With pictures left out, output exactly the lines of the listing below from the line that has "1995年7月号 特集「建築家・そのあるべき姿とありうる姿 」" to the line that has "Formado por hilos", both lines kept.

* SUPPLIED MATERIAL
• • • • •
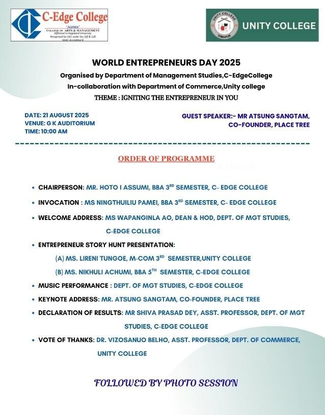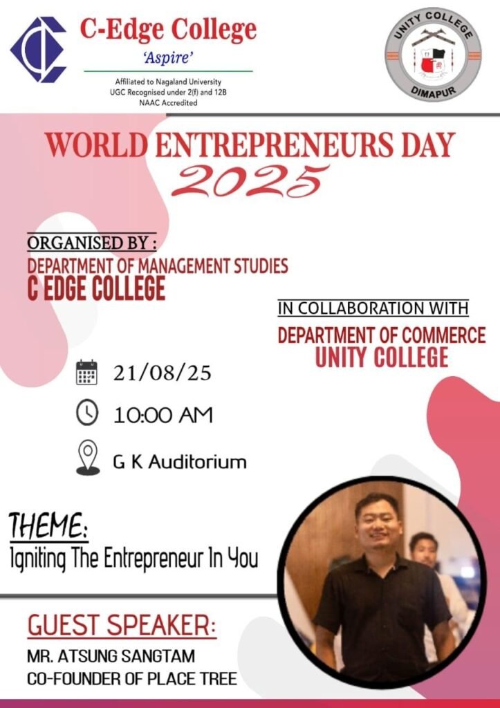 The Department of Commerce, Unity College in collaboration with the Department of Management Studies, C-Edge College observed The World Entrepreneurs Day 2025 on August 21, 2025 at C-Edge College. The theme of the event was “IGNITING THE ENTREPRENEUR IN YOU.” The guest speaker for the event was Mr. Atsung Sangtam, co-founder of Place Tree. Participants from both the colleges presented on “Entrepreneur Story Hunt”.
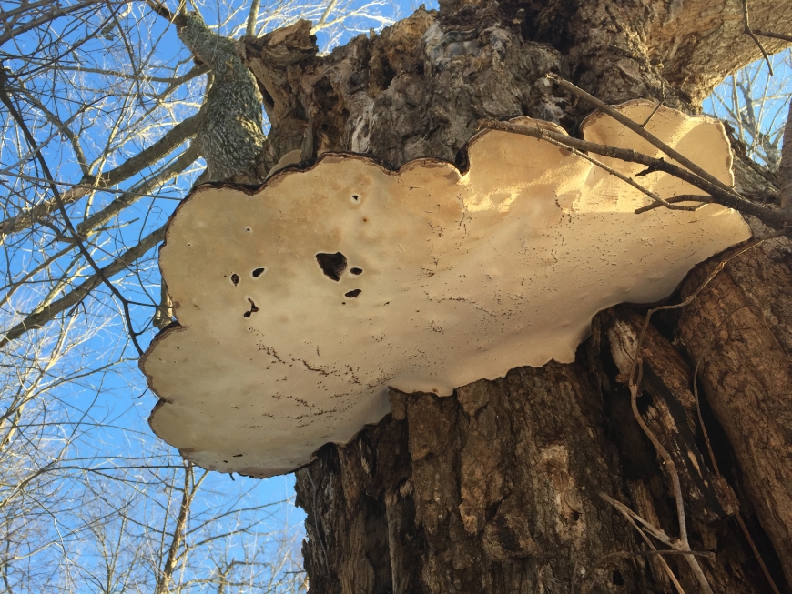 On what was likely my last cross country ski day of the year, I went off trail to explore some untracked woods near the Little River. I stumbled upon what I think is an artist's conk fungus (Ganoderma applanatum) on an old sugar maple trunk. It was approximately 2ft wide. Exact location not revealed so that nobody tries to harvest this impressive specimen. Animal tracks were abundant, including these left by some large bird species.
• • • • •
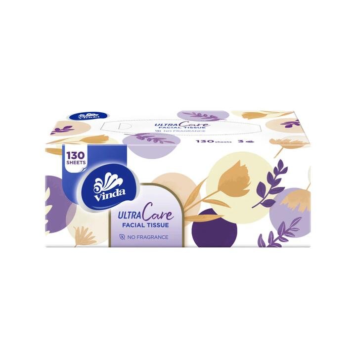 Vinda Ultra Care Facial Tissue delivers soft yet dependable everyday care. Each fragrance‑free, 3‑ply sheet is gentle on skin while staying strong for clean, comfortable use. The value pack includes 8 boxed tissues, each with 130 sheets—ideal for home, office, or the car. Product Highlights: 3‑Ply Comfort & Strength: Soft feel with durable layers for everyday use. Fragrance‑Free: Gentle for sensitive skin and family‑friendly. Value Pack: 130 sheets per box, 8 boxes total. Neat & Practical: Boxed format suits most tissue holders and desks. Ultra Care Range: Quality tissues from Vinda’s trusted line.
• • • • •
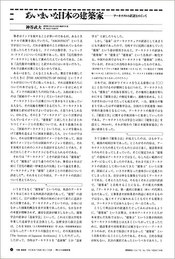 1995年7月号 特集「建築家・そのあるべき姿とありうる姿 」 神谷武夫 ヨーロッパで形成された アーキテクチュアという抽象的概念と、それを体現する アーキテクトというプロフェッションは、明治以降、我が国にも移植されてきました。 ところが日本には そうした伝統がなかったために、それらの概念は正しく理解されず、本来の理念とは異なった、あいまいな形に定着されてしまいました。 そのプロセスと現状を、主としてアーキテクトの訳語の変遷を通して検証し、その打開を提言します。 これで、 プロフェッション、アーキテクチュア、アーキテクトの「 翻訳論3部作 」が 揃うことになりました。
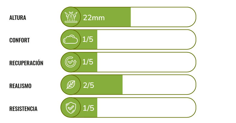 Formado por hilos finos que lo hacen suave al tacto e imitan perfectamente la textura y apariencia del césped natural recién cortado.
• • • • •
* ANSWER TO THIS TASK
 1995年7月号 特集「建築家・そのあるべき姿とありうる姿 」 神谷武夫 ヨーロッパで形成された アーキテクチュアという抽象的概念と、それを体現する アーキテクトというプロフェッションは、明治以降、我が国にも移植されてきました。 ところが日本には そうした伝統がなかったために、それらの概念は正しく理解されず、本来の理念とは異なった、あいまいな形に定着されてしまいました。 そのプロセスと現状を、主としてアーキテクトの訳語の変遷を通して検証し、その打開を提言します。 これで、 プロフェッション、アーキテクチュア、アーキテクトの「 翻訳論3部作 」が 揃うことになりました。
 Formado por hilos finos que lo hacen suave al tacto e imitan perfectamente la textura y apariencia del césped natural recién cortado.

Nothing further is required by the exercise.